[Pvfs2-developers] Re: pvfs-client segfault
Walter B. Ligon III
walt at CLEMSON.EDU
Mon Feb 18 17:16:52 EST 2008
You found my bug! I was having exactly that bug in the client a year
ago and never could figure out why! Cool!
- Walt
Sam Lang wrote:
>
> I committed a fix to the segfault in the client daemon. The problem
> that my patch introduced was to allow a state machine to complete
> immediately if possible (none of its actions needed to block).

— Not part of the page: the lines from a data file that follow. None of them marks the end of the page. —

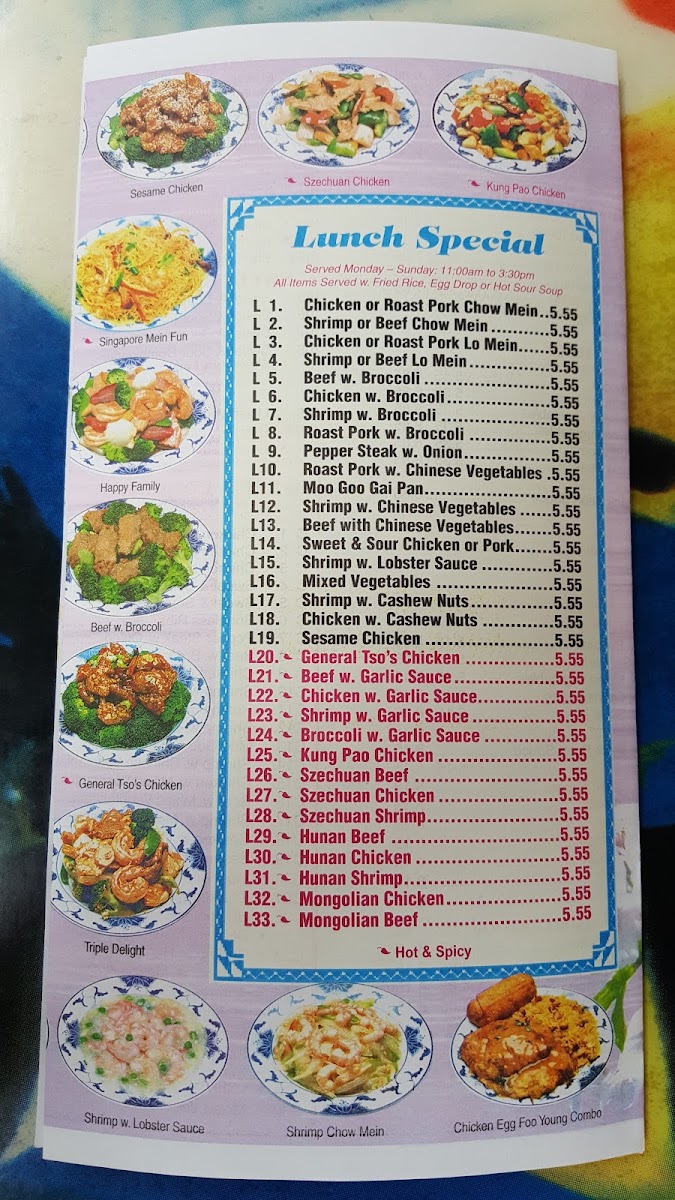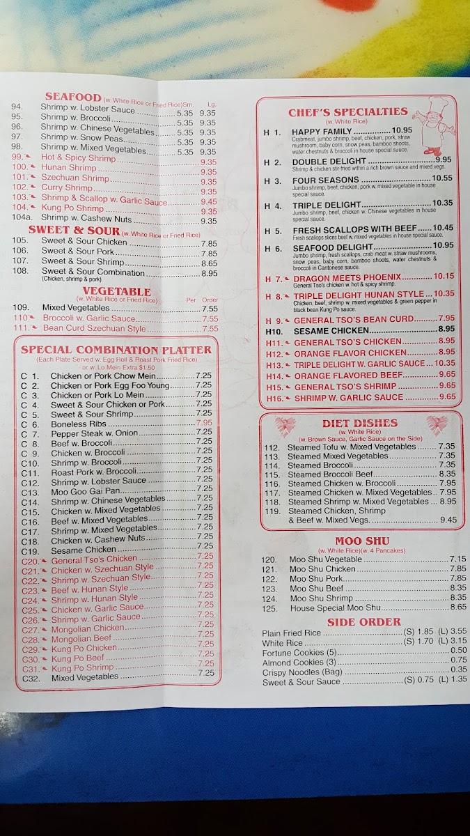 Alongside main dishes, options like Moo Shu Pork and House Special Moo Shu provide a slightly more traditional touch to the lineup, inviting diners to explore a bit more of the menu. The choice of rice—fried or white—helps customize each dish to your preference, adding to the approachable nature of the dining experience.
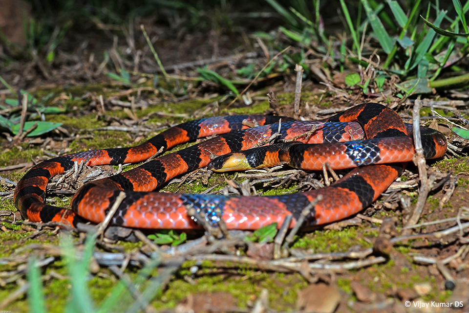 At first sight, I thought it was one of the colour morphs of the Common Krait and sent the pictures to my friend Sunil Sachi, who is knowledgeable about reptiles and amphibians. After a while, he let me know that it was one of the Western Ghats endemics, and a rare sight. It was the venomous Bibron’s Coral Snake (Calliophis bibroni).
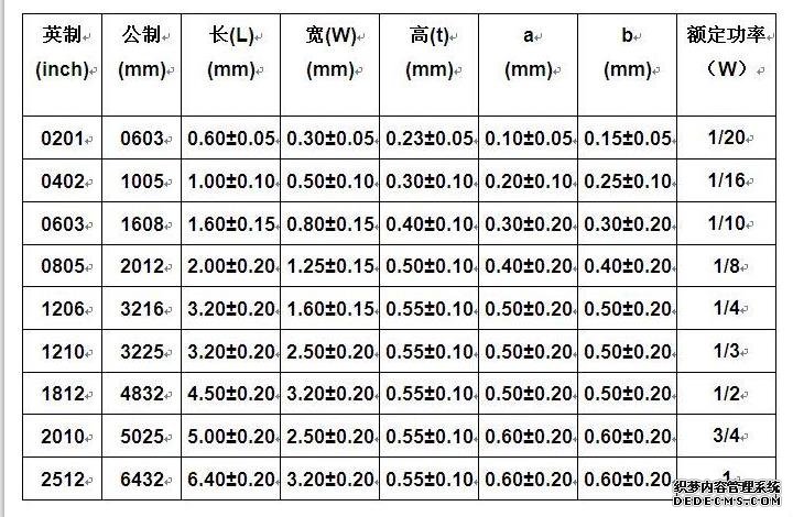 貼片電容/電阻封裝尺寸對照表

> Unfortunately, the client code didn't handle this case -- we were adding
> the smcb to the completion list without checking for immediate
> completion, and then free-ing the smcb. Later (as Pete pointed out), we
> would pull the (now freed) smcb off the list and try to do something
> with it. Invalid read!
>
> So the commits I just made check if the state machine completed
> immediately and prevent the smcb from ever getting added to the
> completion list. The upside of this patch is that now the client daemon
> should be sending the response downcall directly on completion of the
> state machine, instead of just "posting" a state machine that completes
> immediately, and handling the response later.
>
> With this fix, I was able to copy 100s of files and list them without
> the client daemon falling over.
>
> Troy, Pete: Thanks for the debugging help on this one.
> -sam
>
> On Feb 14, 2008, at 9:54 AM, Samuel Lang wrote:
>
>>
>>
>> On Thu, 14 Feb 2008, Pete Wyckoff wrote:
>>
>>> pw at osc.edu wrote on Thu, 14 Feb 2008 00:19 -0500:
>>>> slang at mcs.anl.gov wrote on Wed, 13 Feb 2008 21:25 -0600:
>>>>> What happens when you restart the client daemon? Does the segfault
>>>>> occur
>>>>> with bmi_tcp?
>>>>
>>>> Yeah, I'm getting the same sort of thing, with TCP. 1 client, 1
>>>> md+data server. 2.6.24-rc6. A few "ls -la /pvfs" will crash
>>>> client-core, and it automatically is restarted. Similar sort of
>>>> backtrace. Valgrind doesn't show anything before where it all goes
>>>> bad in Troy's traces.
>>>>
>>>> ==7517== Invalid read of size 8
>>>> ==7517== at 0x4C6989E: qlist_empty (quicklist.h:117)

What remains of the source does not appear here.